New Hampshire’s state government must be transformed
A new COO would bring more efficiency, innovation
The Governor’s Commission on Innovation, Efficiency, and Transparency – on which we both served with 16 leaders from the business, nonprofit, higher education and state and local government sectors – was empaneled to better understand and to improve the way state government operates. Our charge was to address the way state government operates, not the essential political task of deciding what state government does.
Two observations became clear quickly in our deliberations. First, doing things the same old way – with even fewer resources and just lower expenses – will not make New Hampshire’s state government more efficient or produce better results for the citizens of New Hampshire. Rather, managing via momentum will merely extend and deepen the state’s fiscal distress, accelerate pressures to reduce services, and further strain the state’s workforce.
Second, there is no silver bullet – no single action that will deliver the government of the future that the citizens of the state deserve.
So the commission proposed a series of changes – some small and others quite significant – that, taken together, would begin to transform the way New Hampshire’s state government operates: its operating structure, processes and culture.
The foundation for all the commission’s recommendations is the appointment of a chief operating officer for the executive branch, reporting to the governor with appropriate responsibility, resources and authority to drive innovation, efficiency and transparency.
Why this action? Why this investment? Because transforming the actions of an institution as large and complex as the executive branch requires dedicated senior management to focus on operations.
The incumbent must be someone that most senior executives in the branch will regard as a peer, someone who can be an effective junior partner to the governor and earn the trust and confidence of the Legislature and Executive Council.
It requires the expertise to bring a seasoned financial, operating and technology perspective to the decisions of the executive branch. It will require an executive capable of making investment decisions to drive innovation and yet also stimulate innovation from the people who really do the work.
It will require the diplomatic skills to enable the executive branch to capture economies across departments and agencies. It will require the skill to broaden the branches’ nearly exclusive focus on expense control to also include results and resource productivity.

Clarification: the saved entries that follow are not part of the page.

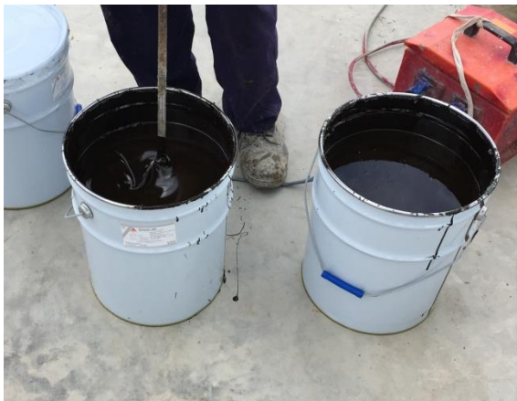
Stirring material before application

The finished membrane should be protected from damage by other trades.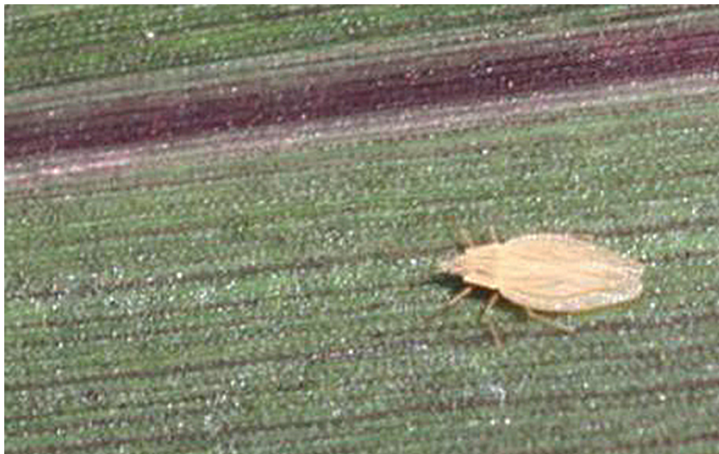
Figure 2. Adult Grass Lace Bug, L. plana .

Nymphs (Figure 3) are transparent when they hatch and turn cream to pale yellow-brown with spines as they grow. Newly hatched nymphs stay together in clusters, but they move more freely in later nymphal stages as they disperse to other leaves. Adults and nymphs in various stages of development are also often seen together on the undersides of the leaves (Figure 4).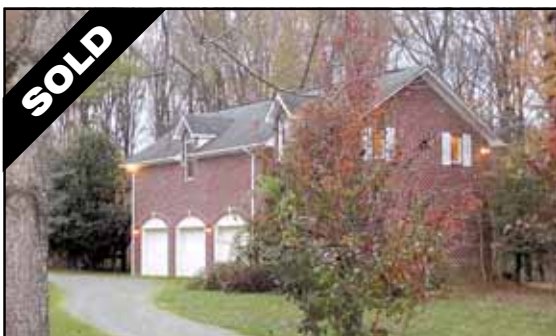
Great Falls $725,000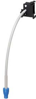
Cable release for reset 0.4 m for 3RU2 Size S00...S3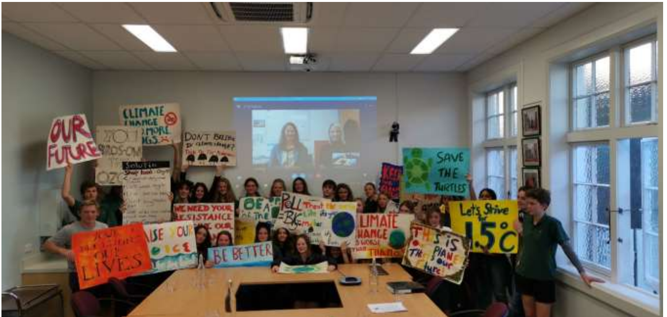
Video conference between Golden Bay High School Students and Council staff, 24 May 2019

In short, it must be someone capable of driving specific innovative efforts and also capable of beginning to transform the culture of the executive branch.

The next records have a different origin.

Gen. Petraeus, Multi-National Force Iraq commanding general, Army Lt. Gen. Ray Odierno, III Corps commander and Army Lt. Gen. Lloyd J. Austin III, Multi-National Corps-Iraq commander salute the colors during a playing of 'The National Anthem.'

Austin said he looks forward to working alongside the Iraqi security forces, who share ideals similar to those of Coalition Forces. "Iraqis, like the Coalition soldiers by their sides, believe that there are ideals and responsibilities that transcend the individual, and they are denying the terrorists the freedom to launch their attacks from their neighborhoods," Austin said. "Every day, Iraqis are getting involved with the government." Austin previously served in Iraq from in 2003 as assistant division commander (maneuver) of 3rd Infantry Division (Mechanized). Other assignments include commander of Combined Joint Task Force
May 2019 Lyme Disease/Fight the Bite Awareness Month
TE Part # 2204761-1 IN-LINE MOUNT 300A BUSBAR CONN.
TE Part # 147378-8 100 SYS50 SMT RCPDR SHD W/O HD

True, this is no “free lunch.” This is an investment built on the pragmatic assumption that dedicating senior operating management to innovation, efficiency and transparency will produce significant returns.

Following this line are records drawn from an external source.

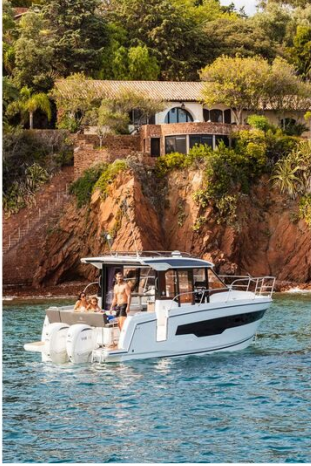
Jeanneau Merry Fisher 895 - near a chateaux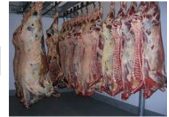
Chilling/aging process Antimicrobial mist and Ambient Air application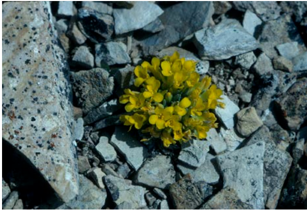
Dudley Bluffs bladderpod © B.Jennings

Even a one hundredth of 1 percent annual improvement in efficiency driven by this effort will more than pay for the investment. The proof, of course, will be in the results, which should be closely monitored by the governor, the Executive Council and the Legislature.
It is clear from our work on the commission that ample opportunities exist. Yet they are not being realized. If nothing changes in the operation of state government, they won’t be.
Some will argue that now is not the time, that current fiscal constraints are just too severe. We would argue that now is precisely the time, because without significant change in the way state government operates, the fiscal pressure will continue to spiral upward and operating performance will drift lower.
Eric Herr was chair of the Governor’s Commission on Innovation, Efficiency, and Transparency. Ed DuPont, a member of the commission, is president of the DuPont Group and a former president of the New Hampshire Senate.